Exercise instructions: The whole listing needs retyping exactly; keep the pictures out of it.

Given data:
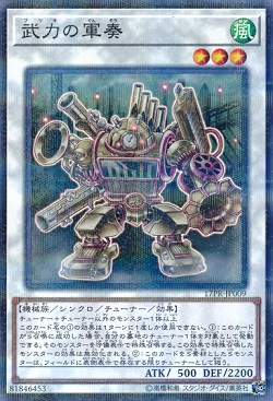 JUGEMテーマ:遊戯王 武力の軍奏 17PR-JP009 シンクロ・チューナー・効果モンスター 星3/風属性/機械族/攻 500/守2200 チューナー+チューナー以外のモンスター1体以上 このカード名の(1)の効果は1ターンに1度しか使用できない。 (1):このカードがS召喚に成功した場合、自分の墓地のチューナー1体を対象として発動できる。 そのモンスターを守備表示で特殊召喚する。 この効果で特殊召喚したモンスターの効果は無効化される。 (2):このカードをS素材としたSモンスターは、 フィールドに表...
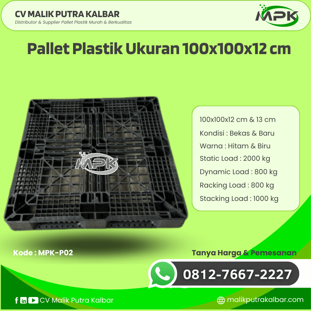 Dalam era industri yang semakin kompetitif, efisiensi dalam sistem logistik dan penyimpanan menjadi salah satu kunci keberhasilan operasional. Untuk mendukung kebutuhan tersebut, CV Malik Putra Kalbar menghadirkan produk unggulan kami: Pallet Plastik Bekas/Baru Ukuran 100x100x12 cm (Kode Produk: MPK-P02) – pilihan cerdas dan hemat biaya bagi para profesional procurement, pemilik bisnis, hingga broker logistik yang mengutamakan kualitas dan keandalan.
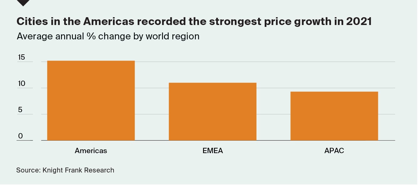 Of the 150 cities tracked by the index worldwide, 140 saw prices increase in 2021, up from 122 in 2020.

Written reply:
 JUGEMテーマ:遊戯王 武力の軍奏 17PR-JP009 シンクロ・チューナー・効果モンスター 星3/風属性/機械族/攻 500/守2200 チューナー+チューナー以外のモンスター1体以上 このカード名の(1)の効果は1ターンに1度しか使用できない。 (1):このカードがS召喚に成功した場合、自分の墓地のチューナー1体を対象として発動できる。 そのモンスターを守備表示で特殊召喚する。 この効果で特殊召喚したモンスターの効果は無効化される。 (2):このカードをS素材としたSモンスターは、 フィールドに表...
 Dalam era industri yang semakin kompetitif, efisiensi dalam sistem logistik dan penyimpanan menjadi salah satu kunci keberhasilan operasional. Untuk mendukung kebutuhan tersebut, CV Malik Putra Kalbar menghadirkan produk unggulan kami: Pallet Plastik Bekas/Baru Ukuran 100x100x12 cm (Kode Produk: MPK-P02) – pilihan cerdas dan hemat biaya bagi para profesional procurement, pemilik bisnis, hingga broker logistik yang mengutamakan kualitas dan keandalan.
 Of the 150 cities tracked by the index worldwide, 140 saw prices increase in 2021, up from 122 in 2020.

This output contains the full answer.